Bugün Helen, Lucas ve Austin ilk defa bir görev için geçmişe gideceklerdi. Antik dönemden kalma kitaplarda 50 zaman yolcusunun varlığından bahsedilirdi. Bunların yarısı erkek ve yarısı kadındı. Loca'nın amaçlarından biri 50 zaman yolcusunun kanlarını toplamak ve kronografa aktarmaktı. Kronografın mucidinin kim olduğu bilinmiyordu fakat iki tane kronograf olduğu biliniyordu. Kronograflardan biri yıllar önce çalınmıştı ve hala bulunamamıştı. Dolayısıyla çocukların şu an ki görevi eskiden yaşamış olan gen taşıyıcılarını tek tek ziyaret etmek ve kanlarını almaktı. Bu o kadar kolay bir görev değildi çünkü aralarında Loca'ya karşı olanlar ve kanlarını vermek istemeyenler de vardı. Dört yıldır aldıkları eğitimin sonunda çocuklar artık ilk görevlerine çıkacaklardı ve gidecekleri yıl 1920 idi. Helen'in annesinin kuzeni Margaret Davies ile görüşeceklerdi.

Kronografta 41 zaman yolcusunun kanı bulunuyordu. Geriye dokuz kişi kalıyordu fakat bu dokuz kişiden yalnızca sekizi biliniyordu. Son gen taşıyıcısı henüz doğmamıştı. Helen'e göre son zaman yolcusu onun gelecekteki kızı olacaktı çünkü hâlihazırda yirmi beş erkek vardı ve Garcia ailesinden de gen çıkmıyordu.
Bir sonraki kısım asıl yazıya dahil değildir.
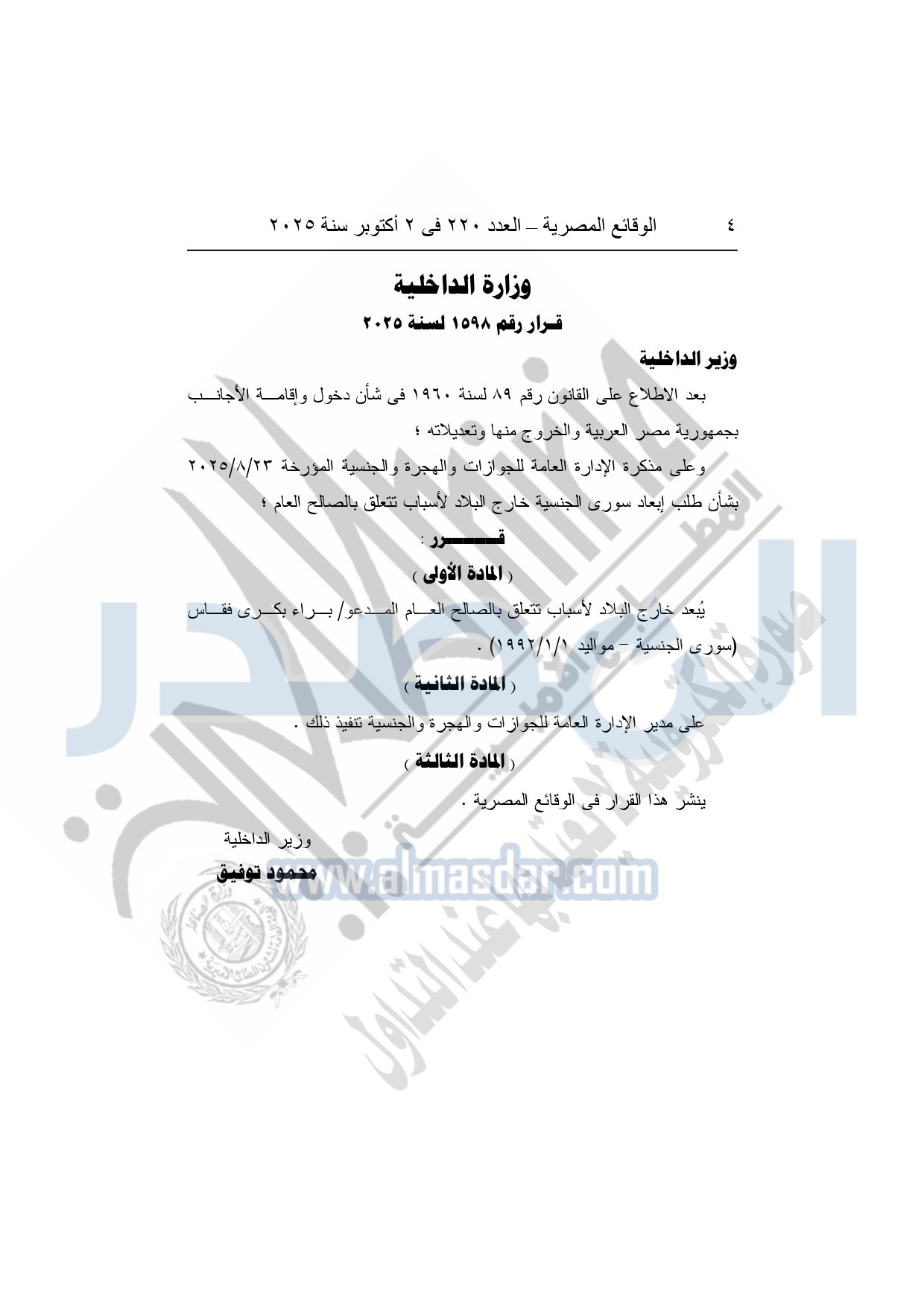 كما نشرت الوقائع المصرية في العدد 220، الصادر في 2 أكتوبر سنة 2025، قرار وزارة الداخلية قرار رقم 1598 لسنة 2025، بشأن إبعاد شخص سوري خارج البلاد.

"Bu kıyafet sevgili Zümrüt'ümüz için harika bir seçim oldu doğrusu." Bayan Barrile Helen'in üstündekilere hayranlıkla bakıyor ve gizliden gizliye kendi yeteneğiyle de iftihar ediyordu. Lucetta Barrile büyü dünyasındaki en ünlü modacılardan biriydi ve aslen İtalyan'dı. Uzun zamandır Loca'da görev alıyordu ve gen taşıyıcılarının gittikleri döneme uygun kostümlerini ayarlamak onun sorumluluğundaydı. Her zaman yolcusu değerli bir taşı temsil ediyordu ve Helen'in taşı zümrüttü, kadın bu sebeple ona böyle hitap etmişti.

Helen aynada kendine bakarken görüntüsünden memnun kalmıştı. Göğsünü ve sırtını kapatan, diz kapaklarına kadar uzanan, yeşil renkli bol bir elbise giymişti. Üstüne krem tonlarında dolgun kürk bir manto ve özenle yapılmış saçlarının üstüne de kloş şapka. Sivri uçlu, üzeri bantlı siyah ayakkabıları kombinini tamamlıyordu.
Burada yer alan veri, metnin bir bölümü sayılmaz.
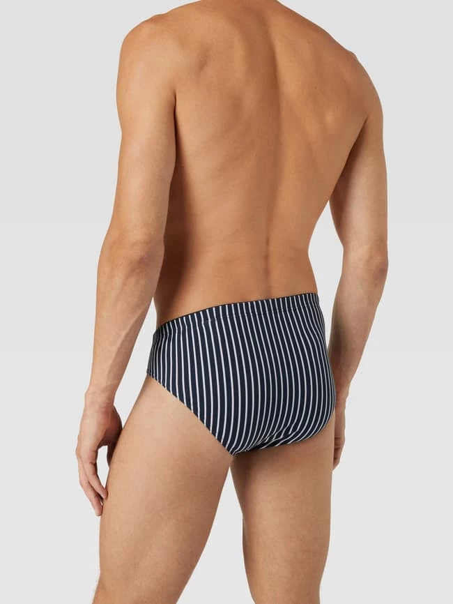 Der Slip von Mey ist aus einem Baumwoll-Elasthan-Mix gefertigt und in körpernaher Passform gehalten. Er zeigt sich mit Streifenmuster, elastischem Bund mit Label-Patch, Teilungsnähten sowie elastischen Beinabschlüssen.

Austin'in üzerinde siyah ceket ve çizgili pantolon vardı. Lucas ise gri yelek ve aynı pantolonun bir ton koyusunu giyiyordu. İkisi de bir saat önceden hazır olmuşlardı fakat Helen'in saçı, makyajı ve giyinmesi yeni bitmişti. Gözlerindeki bıkkınlığı gizleme gereği duymadan "Kesinlikle!" demişlerdi aynı anda. Bayan Barrile onlara gözlerini kısarak bakmış ve İtalyanca bir şeyler söylemeye başlamıştı.